Lack of Real-World Context

It can be difficult to verify that synthetic data accurately represents real-world scenarios and edge cases. Organizations need robust validation processes to ensure that models trained on synthetic data will generalize effectively to real-world applications.

High and Low-Effectiveness Domains

Programming and code generation represent one of the most successful applications of synthetic data. The structured nature of programming languages, clear syntax rules, and well-defined patterns make it easier to generate high-quality synthetic examples. Companies can generate variations of coding problems and solutions that maintain semantic correctness while introducing meaningful diversity in implementation approaches.

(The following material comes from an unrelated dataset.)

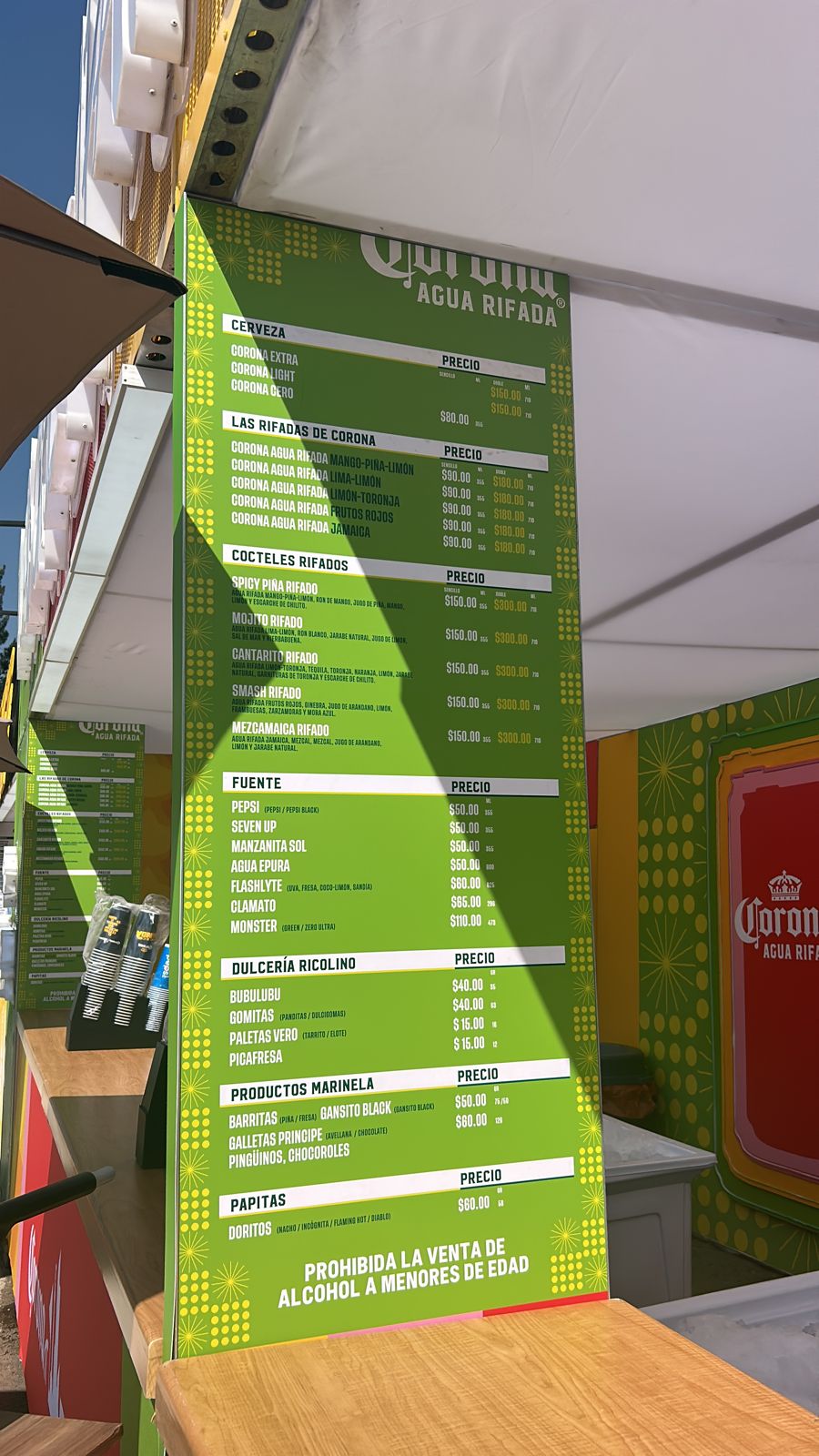 Acá van los precios de las chelas y drinks. Desde la cheve —que ya nos la subieron $30 pesotes a comparación del año pasado— hasta las Vicky, Chivas Regal y Agua Rifada.

Cultural and creative writing represents an area where synthetic data often falls short. The subtle cultural references, creative expression, and artistic elements that make writing engaging are difficult to replicate synthetically. Models trained primarily on synthetic creative content often produce generic or derivative outputs.

So, in short, the more structured and predictable your use case is, the more synthetic data is likely to be a benefit. There are conventions and rules that software engineering has decided on that people generally follow. The more unpredictable and spontaneous, the more likely it is to be a detriment - creative writing, poetry, etc. is where a model like Mistral Small 3 that doesn't use synthetic data is likely to shine.

Running Mistral-Small-3 on RunPod

You can run Mistral-Small-3 in serverless by just going to your Serverless console, plugging in the HF path and your access token (since it's a gated model) and off you go.

If you'd rather run it into a pod, I'd recommend text-generation-webui as a good starting point for ease of use - we have a blog on how to deploy a model here.

Here's a table that shows how much VRAM that you would need for the model at various quant levels, along with the cheapest recommended GPU spec:

Quantization Level Memory Required Minimum NVIDIA GPU
Full (FP16/BF16) ~44 GB VRAM A6000, A40
8-bit (INT8) ~22-24 GB VRAM A5000
6-bit ~17-18 GB VRAM RTX A4500
4-bit (INT4) ~11-12 GB VRAM RTX A4000

Conclusion

Synthetic data is incredibly useful as a training tool, but the question is - is it right for you? Despite a higher parameter count, you may find an LLM's output unsatisfactory compared to a smaller model like this one that doesn't contain synthetic data. Hopefully, this inspires some food for thought and helps you make the best decision for your GPU spend.